***** Provided records *****

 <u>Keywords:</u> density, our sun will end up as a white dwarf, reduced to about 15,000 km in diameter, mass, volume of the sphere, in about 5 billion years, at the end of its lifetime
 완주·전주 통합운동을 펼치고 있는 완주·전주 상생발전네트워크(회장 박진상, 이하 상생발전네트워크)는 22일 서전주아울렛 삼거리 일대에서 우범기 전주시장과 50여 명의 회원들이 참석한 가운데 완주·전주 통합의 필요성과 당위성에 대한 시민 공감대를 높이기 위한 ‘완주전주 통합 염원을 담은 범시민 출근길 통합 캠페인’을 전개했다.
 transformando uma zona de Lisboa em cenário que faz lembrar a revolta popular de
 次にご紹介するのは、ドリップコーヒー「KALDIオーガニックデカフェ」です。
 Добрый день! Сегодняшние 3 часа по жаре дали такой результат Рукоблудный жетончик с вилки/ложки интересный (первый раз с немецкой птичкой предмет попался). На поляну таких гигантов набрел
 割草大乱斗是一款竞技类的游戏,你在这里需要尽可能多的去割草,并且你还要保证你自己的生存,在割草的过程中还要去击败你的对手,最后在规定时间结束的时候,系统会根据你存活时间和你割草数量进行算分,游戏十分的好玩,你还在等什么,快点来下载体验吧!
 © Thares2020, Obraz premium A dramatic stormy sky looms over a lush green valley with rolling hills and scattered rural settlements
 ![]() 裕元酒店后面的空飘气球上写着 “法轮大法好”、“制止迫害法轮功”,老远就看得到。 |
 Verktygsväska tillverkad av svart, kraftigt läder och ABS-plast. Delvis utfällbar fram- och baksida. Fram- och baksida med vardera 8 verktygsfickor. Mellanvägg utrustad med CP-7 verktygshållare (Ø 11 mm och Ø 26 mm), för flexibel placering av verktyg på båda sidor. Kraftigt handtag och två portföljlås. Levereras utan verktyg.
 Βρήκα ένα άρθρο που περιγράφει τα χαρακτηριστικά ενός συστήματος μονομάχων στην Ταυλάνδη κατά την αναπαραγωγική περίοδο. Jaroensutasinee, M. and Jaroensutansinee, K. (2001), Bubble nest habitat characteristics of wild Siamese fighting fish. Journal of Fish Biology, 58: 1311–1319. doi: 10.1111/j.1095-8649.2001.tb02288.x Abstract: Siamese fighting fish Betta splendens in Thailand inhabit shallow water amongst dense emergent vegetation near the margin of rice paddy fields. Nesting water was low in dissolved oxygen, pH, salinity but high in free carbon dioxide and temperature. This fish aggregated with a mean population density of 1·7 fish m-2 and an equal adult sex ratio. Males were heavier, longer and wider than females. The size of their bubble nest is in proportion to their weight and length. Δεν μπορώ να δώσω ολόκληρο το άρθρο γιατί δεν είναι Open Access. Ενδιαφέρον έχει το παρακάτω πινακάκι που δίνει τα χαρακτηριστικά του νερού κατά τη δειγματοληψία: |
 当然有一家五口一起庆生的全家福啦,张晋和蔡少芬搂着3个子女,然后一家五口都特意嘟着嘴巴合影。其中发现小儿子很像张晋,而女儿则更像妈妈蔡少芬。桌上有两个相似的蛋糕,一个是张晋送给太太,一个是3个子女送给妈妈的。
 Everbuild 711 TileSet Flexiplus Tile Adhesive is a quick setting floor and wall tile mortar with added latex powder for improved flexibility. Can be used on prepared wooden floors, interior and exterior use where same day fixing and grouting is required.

*****

== Exercise goal ==
Above this task is a listing. Restate, word for word and with nothing added, the lines from the one with "Добрый день! Сегодняшние" through the one with "当然有一家五口一起庆生的全家".

== Exercise response ==
 Добрый день! Сегодняшние 3 часа по жаре дали такой результат Рукоблудный жетончик с вилки/ложки интересный (первый раз с немецкой птичкой предмет попался). На поляну таких гигантов набрел
 割草大乱斗是一款竞技类的游戏,你在这里需要尽可能多的去割草,并且你还要保证你自己的生存,在割草的过程中还要去击败你的对手,最后在规定时间结束的时候,系统会根据你存活时间和你割草数量进行算分,游戏十分的好玩,你还在等什么,快点来下载体验吧!
 © Thares2020, Obraz premium A dramatic stormy sky looms over a lush green valley with rolling hills and scattered rural settlements
 ![]() 裕元酒店后面的空飘气球上写着 “法轮大法好”、“制止迫害法轮功”,老远就看得到。 |
 Verktygsväska tillverkad av svart, kraftigt läder och ABS-plast. Delvis utfällbar fram- och baksida. Fram- och baksida med vardera 8 verktygsfickor. Mellanvägg utrustad med CP-7 verktygshållare (Ø 11 mm och Ø 26 mm), för flexibel placering av verktyg på båda sidor. Kraftigt handtag och två portföljlås. Levereras utan verktyg.
 Βρήκα ένα άρθρο που περιγράφει τα χαρακτηριστικά ενός συστήματος μονομάχων στην Ταυλάνδη κατά την αναπαραγωγική περίοδο. Jaroensutasinee, M. and Jaroensutansinee, K. (2001), Bubble nest habitat characteristics of wild Siamese fighting fish. Journal of Fish Biology, 58: 1311–1319. doi: 10.1111/j.1095-8649.2001.tb02288.x Abstract: Siamese fighting fish Betta splendens in Thailand inhabit shallow water amongst dense emergent vegetation near the margin of rice paddy fields. Nesting water was low in dissolved oxygen, pH, salinity but high in free carbon dioxide and temperature. This fish aggregated with a mean population density of 1·7 fish m-2 and an equal adult sex ratio. Males were heavier, longer and wider than females. The size of their bubble nest is in proportion to their weight and length. Δεν μπορώ να δώσω ολόκληρο το άρθρο γιατί δεν είναι Open Access. Ενδιαφέρον έχει το παρακάτω πινακάκι που δίνει τα χαρακτηριστικά του νερού κατά τη δειγματοληψία: |
 当然有一家五口一起庆生的全家福啦,张晋和蔡少芬搂着3个子女,然后一家五口都特意嘟着嘴巴合影。其中发现小儿子很像张晋,而女儿则更像妈妈蔡少芬。桌上有两个相似的蛋糕,一个是张晋送给太太,一个是3个子女送给妈妈的。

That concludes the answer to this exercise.